In simple terms, applications are deployed to the satellite, a time window is scheduled to run the applications, and the output is downloaded to AWS S3. Applications have access to satellite hardware and telemetry.

Everything happens as time windows on a schedule. The schedule holds all upcoming contact windows with the ground (and other satellites), and all reservation windows made by users. Users reserve specific hardware over a time window on a satellite. The schedule is synchronized with the satellite at each contact.

The satellite bus is managed and monitored by the Spire Operations Team. Users are not expected to manage or monitor the health of the various systems (batteries, solar, ADCS, station-keeping, faults etc.) as this is provided by Spire.



  1. Develop code to run on the satellite
  2. Deploy applications and data to the satellite
  3. Schedule application to run at a specific time window
  4. Wait for window to complete & results downloaded
  5. Analyze received data

Execution Environment

The satellite hosts multiple Linux computers ("payloads") with each managing specific hardware (e.g. cameras, transceivers or GPUs). Spire provides a persistent isolated execution environment for the user to upload files to and run applications. An output provides a way to downlink files. A local agent provides a REST API to interact with the satellite bus (e.g. for telemetry or attitude control), as well as an SDK. It is documented there.

Satellite Bus

The satellite bus is a broad name given to the many systems on the satellite that support a users activities. Spire maintains the satellite bus, which includes powering systems on and off, charging batteries, station-keeping, communicating with the ground (and other satellites), running the schedule, and executing user applications on the payloads.

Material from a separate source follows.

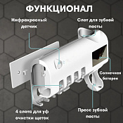 Держатель для обычных и электрических зубных щеток Smart UV - современный гаджет для вашей ванной комнаты, стерилизующий принадлежности от бактерий и микроорганизмов до 99,9%. Такая высокая степень защиты обеспечит защиту вашего здоровья от болезнетворных микробов, а также убережет щетки от лишней влаги.Товары дополнены подставкой под зубные пасты - экономичный выдавливатель поможет регулировать расход средства и поможет использовать пасту полностью.Аксессуары с ультрафиолетовым излучением позволяют проводить дезинфекцию не только щеток, но и бритвы.Настенный набор с прессом для зубной пасты включается очень просто - достаточно нажать на кнопку пуска при закрытой крышке, и диспенсер заработает автоматически. После 6 минут дозатор самостоятельно отключится - прибор не тратит лишнюю энергию и бережет заряд (питание акссесуаров в ванную идет через USB кабель).Приобретайте удобный и быстрый стерилизатор для вашего дома и поддерживайте чистоту ваших ванных принадлежностей каждый день!

A window is a reserved period of time on a specific satellite for an activity. Windows are placed in the schedule. Different window types reserve different hardware and require exclusive access to different things, e.g. attitude control. User reservations are represented as types of windows too.

Contact Windows

A contact is a type of window created by Spire, and is a one or two-way radio transmission between a satellite and a ground-station, or between two satellites (inter-satellite links). The purpose of a contacts is broad, but includes time for maintenance, schedule synchronization and the transfer of data, logs and telemetry. Spire schedules contacts for its exclusive use - user code is not made aware of these contacts. Users may schedule their own contacts between satellites (ISL), but not between a satellite and ground station.

Payload Windows

Each payload type (e.g. SDR, SABERTOOTH or IPI) has a corresponding window to execute applications in. Users schedule payload windows via the Tasking API.

Lease Windows

A lease is the reservation of a system over the time window. LEASE_ISL creates an inter-satellite-link between 2 satellites for the excusive use of the user's payloads. LEASE_ADCS passes attitude control to user code running on the payloads.

Satellite Schedule

The list of windows for each satellite is held in a schedule. The schedule contains all windows, both for contacts created by Spire and for user activities. The schedule is synchronized with the satellite at each contact. The schedule can be queried with the GET /windows API endpoint.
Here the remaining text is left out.